How Cloudflare’s Bot Protection Sees Agent Traffic

Cloudflare’s bot management runs on layered signals — User-Agent strings, JA3/JA4 TLS fingerprints, header order, behavioral patterns, and IP reputation. The naive defenses you might reach for fail predictably.

• Spoofing User-Agent isn’t enough. Cloudflare correlates UA with TLS fingerprint. A request that claims to be Chrome but uses curl’s TLS profile is flagged instantly.
• Rotating IPs doesn’t help small teams. Residential proxies are easy to detect, and a single developer hammering one IP gets reputation-flagged within hours.
• Even legitimate libraries are obvious. Python requests, Node fetch, Go’s http.Client — each ships a recognizable TLS handshake.

On the Pro plan, this enforcement is called Super Bot Fight Mode. It classifies traffic into Definitely automated, Likely automated, and Verified bots, and lets you choose an action for each. By default, “Definitely automated” gets a Managed Challenge — which means your agents are blocked behind a CAPTCHA they can’t solve.

The Cached-Challenge Cascade — Why It Broke Real Visitors

Here’s the part most teams miss. When Cloudflare issues a Managed Challenge, the challenge page uses Google reCAPTCHA Enterprise behind the scenes — but it doesn’t use your Google Cloud project. It uses Cloudflare’s own shared reCAPTCHA key, which is pooled across all their customers.

That pooled key has a free-tier quota.

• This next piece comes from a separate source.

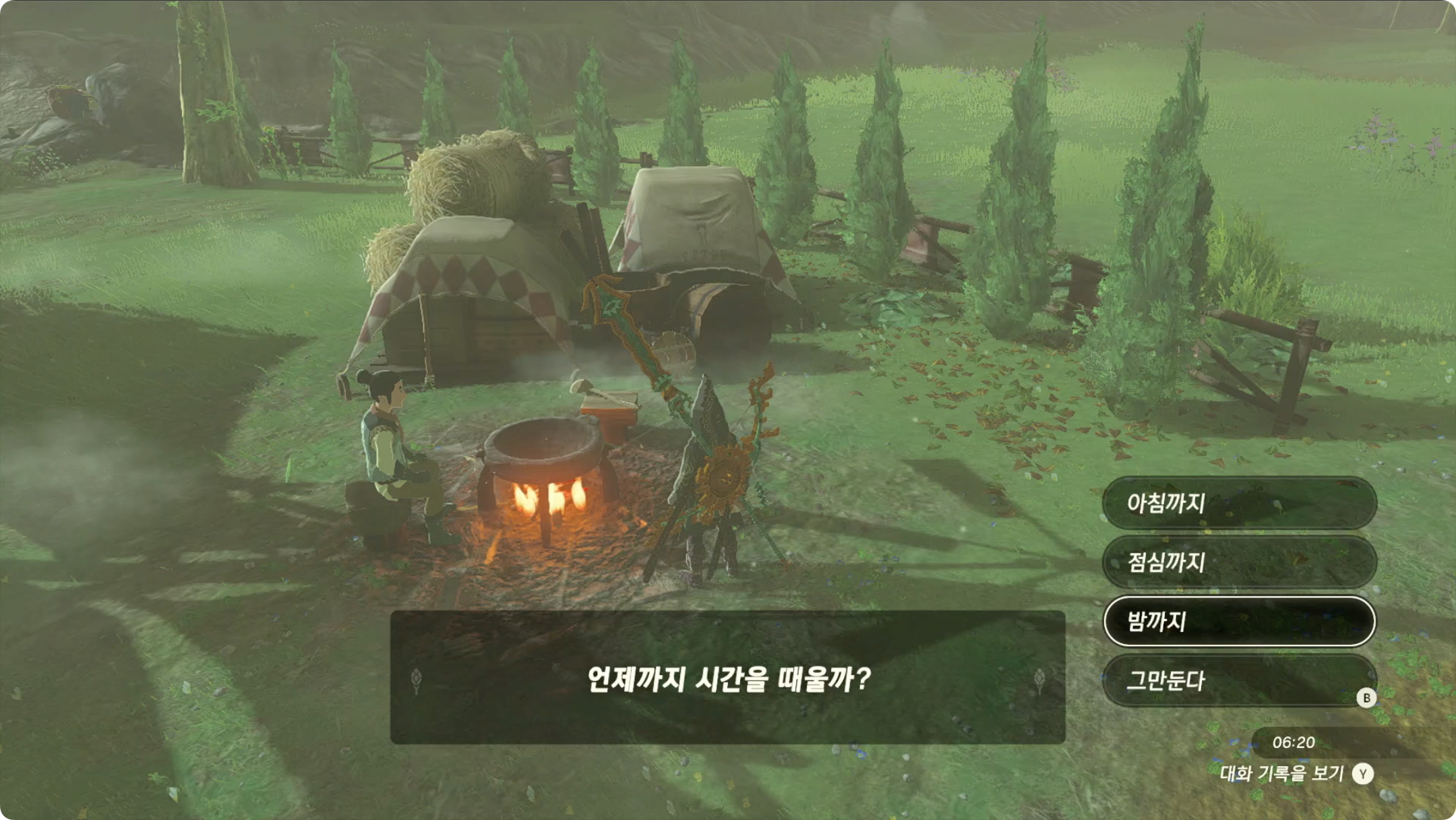 (2) 모닥불 등에서 '밤까지' 시간을 때웁니다

When agent traffic across many sites adds up, the quota gets exhausted, and Google starts refusing to issue tokens. The challenge page then renders with the message “This site is exceeding reCAPTCHA Enterprise free quota.”

So far, just a degraded challenge experience for bots. The real damage comes next: on the Pro plan, Cloudflare’s Automatic Platform Optimization (APO) for WordPress caches HTML responses at the edge — including, in some edge cases, the broken challenge page itself. A real human visitor, hitting the same Cloudflare PoP, gets served that cached broken page. Suddenly your homepage is unusable, and the symptom looks unrelated to anything you’ve done.

This is why agent hygiene matters even if you don’t care about scraper protection. As a result, the actions you take to keep AI agents behind Cloudflare working cleanly have a direct effect on the experience of every real visitor to your marketing site.

The Fix: A WAF Skip Rule and a Secret Header

The clean solution is a private credential that agents present on every request, and a Cloudflare WAF rule that recognizes it and bypasses the bot management layer. It’s the same pattern Cloudflare itself recommends for trusted-source automation.

The mechanics are simple:

1. Generate a long random secret token. Treat it like an API key — store it in a gitignored env file, never commit it.
2. Make every agent script send that token in a custom header like X-Agent-Token.
3. Configure a Cloudflare WAF custom rule: if the header matches the secret value, Skip all security features (WAF managed rules, Super Bot Fight Mode, rate limiting).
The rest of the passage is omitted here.